修士論文要旨

仮想環境におけるデザインのための両眼立体視での奥行き知覚精度に関する研究


本研究はデザイン分野への仮想現実感技術の応用として,自動車内装をコンピュータグラフィックスにより立体表示し,車内のデザインや運転の操作性を仮想環境で評価・検討することが可能な自動車内装デザインシステムの実現を目指すものである.現在自動車のデザインは,CADにより作成される形状データを基に,実モデルであるクレイモデル等を製作して評価するという工程を幾度か繰り返し進められる.そのようにして進められるデザイン工程を,形状データを直接コンピュータグラフィックスにより立体表示して,仮想環境で実モデルと同じようにデザインの意匠や操作性を評価し検討することができれば,短期間で効率良く進めることが可能となる.

システムを実現する上で,仮想物体の表示位置の精度が一つの重要な問題となるが,現在一般的に用いられている両眼視差を利用した立体視では,表示系の誤差や人間が普段利用している奥行き知覚要因の全てを提示することが不可能であるといった問題から,仮想物体モデルの座標値が示す位置を十分な精度で知覚することは難しいことが指摘されている.
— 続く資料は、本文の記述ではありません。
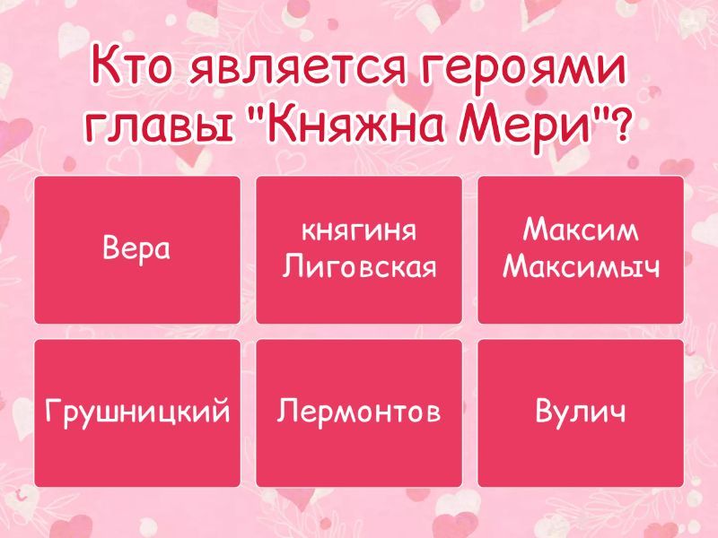 1) Кто является героями главы "Княжна Мери"? a) Вера b) княгиня Лиговская c) Максим Максимыч d) Грушницкий e) Лермонтов f) Вулич 2) Какая основная проблема раскрывается в главе «Княжна Мери»? a) Проблема власти и подчинения b) Конфликт отцов и детей c) Противоречие между чувством и разумом d) Проблема конфликта поколений 3) Где происходит действие главы "Княжна Мери"? a) Кисловодск b) Пятигорск c) Петербург d) Ялта 4) Чье это описание "Он довольно остер: эпиграммы его часто забавны, но никогда не бывают метки и злы: он никого не убьет одним словом; он не знает людей и их слабых струн, потому что занимался целую жизнь одним собою. Его цель — сделаться героем романа". a) Грущницкий b) Печорин c) Князь Лиговской d) Муж Веры 5) Чье это описание : «блондинка, с правильными чертами» и родинкой на щеке" a) Вера b) княгиня Лиговская c) Мери d) ундина 6) Почему любовь Печорина никому не принесла счастья? a) он ничем не жертвовал для тех, кого любил, b) он всех считал ниже себя, недостойными его любви c) он никого не любил d) он понимал, что полюбив, потеряет себя 7) Какой нравственный смысл имеет конфликт Печорина с Грушницким? a) Показать трагедию дружбы b) Показать бессмысленность светского флирта c) Показать борьбу за честь и достоинство d) Показать разрушительную силу зависти и фальши 8) Какое событие происходит в конце главы "Княжна Мери"? a) Дуэль b) Свадьба c) Путешествие d) Разлука 9) Что двигало Печориным, когда он поехал вслед за Верой? a) чувство вины b) хотел удостовериться в ее любви c) он хотел вернуть ей письмо d) он понял, что Вера была единственной женщиной, которую он любил по-настоящему 10) Чьи это слова "Я давно уж живу не сердцем, а головою"? a) Вернера b) Печорина c) Веры d) Грушницкого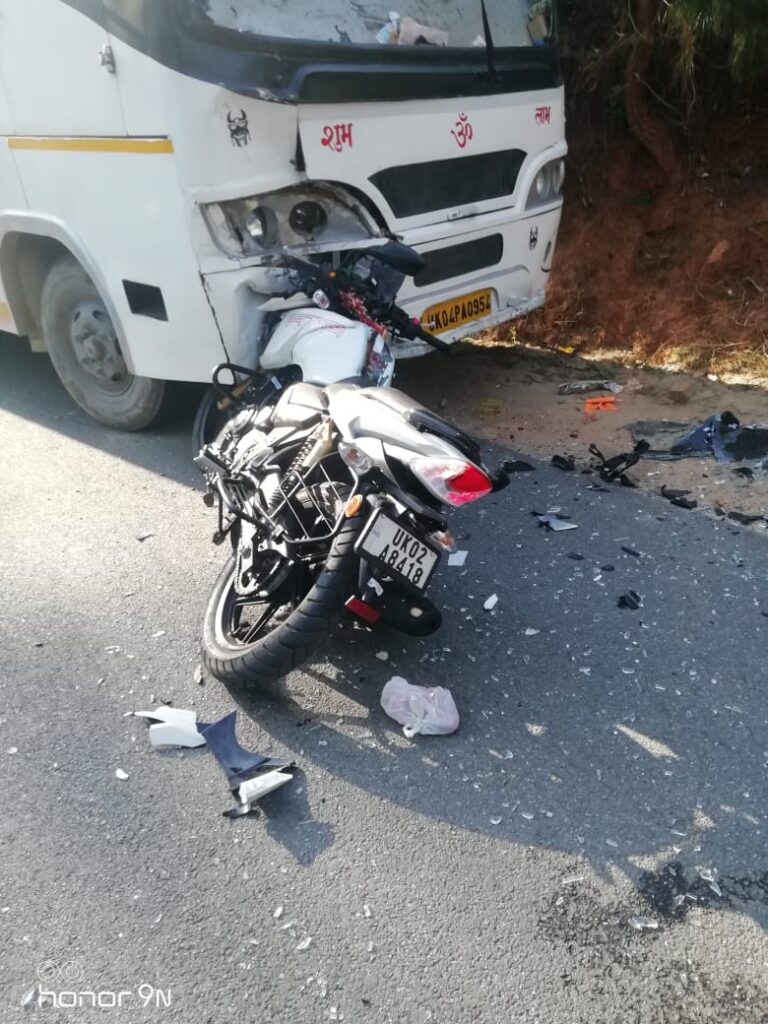 बागेश्वर में बस व बाईक की टक्कर में एक कि मौत 1 घायल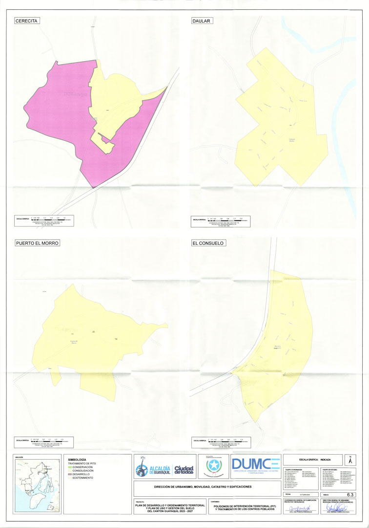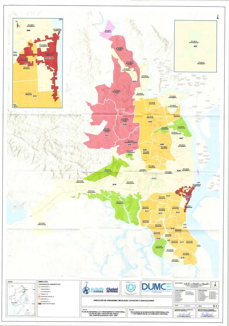 A partir de la clasificación del suelo del cantón en urbano y en rural, se asignaron los tratamientos urbanísticos correspondientes a cada polígono de intervención territorial.

そこで本論文では,仮想空間でデザインを行える環境を実現するための重要な技術として,両眼視差方式の立体視における奥行き知覚を高精度で行うための補正方法を提案する.具体的には,仮想物体の奥行き知覚距離の特性を多人数に対する実験により求め,その結果に基づいて知覚におけるズレを改善するための手法として,仮想物体の提示距離に応じて瞳孔間距離を変化させることにより知覚距離を補正する方法を提案している.

まず予備実験では実物体と仮想物体の奥行き知覚の傾向について調べ,仮想物体でも実物体の2倍程度知覚距離にばらつきが増えるもののその程度で安定した知覚が可能であることが分かった.しかしながら,仮想物体では明らかに知覚する距離にズレがあることが確認でき,被験者によってそのズレ量が異なることから個人差があることも分かった.次に,仮想物体の提示距離と提示角度,ならびに視点とスクリーンとの距離による知覚のズレの傾向を計測した.その結果,知覚距離のズレはほぼ線形に変化する傾向が確認でき,ズレが軽減するように瞳孔間距離を調整することによる補正の可能性を検討した.

これらの結果を基に瞳孔間距離の調節量を求めるための単純な一次補正関数のモデルを定め,その効果を確認した.実際の知覚距離のズレには個人差の他に慣れや経時変化が含まれるため,補正を行うための関数のパラメータは,利用の都度個人ごとに得られるズレ量のサンプルから決定する必要があるが,実用を考えると計測の煩雑さからサンプルの数は少数であることが望ましい.本手法では多人数の傾向より補正関数のモデルを決定し,各個人に対するサンプルからは関数のパラメータの決定のみを行うことにより,少数のサンプルから効果的な補正を行うことができた.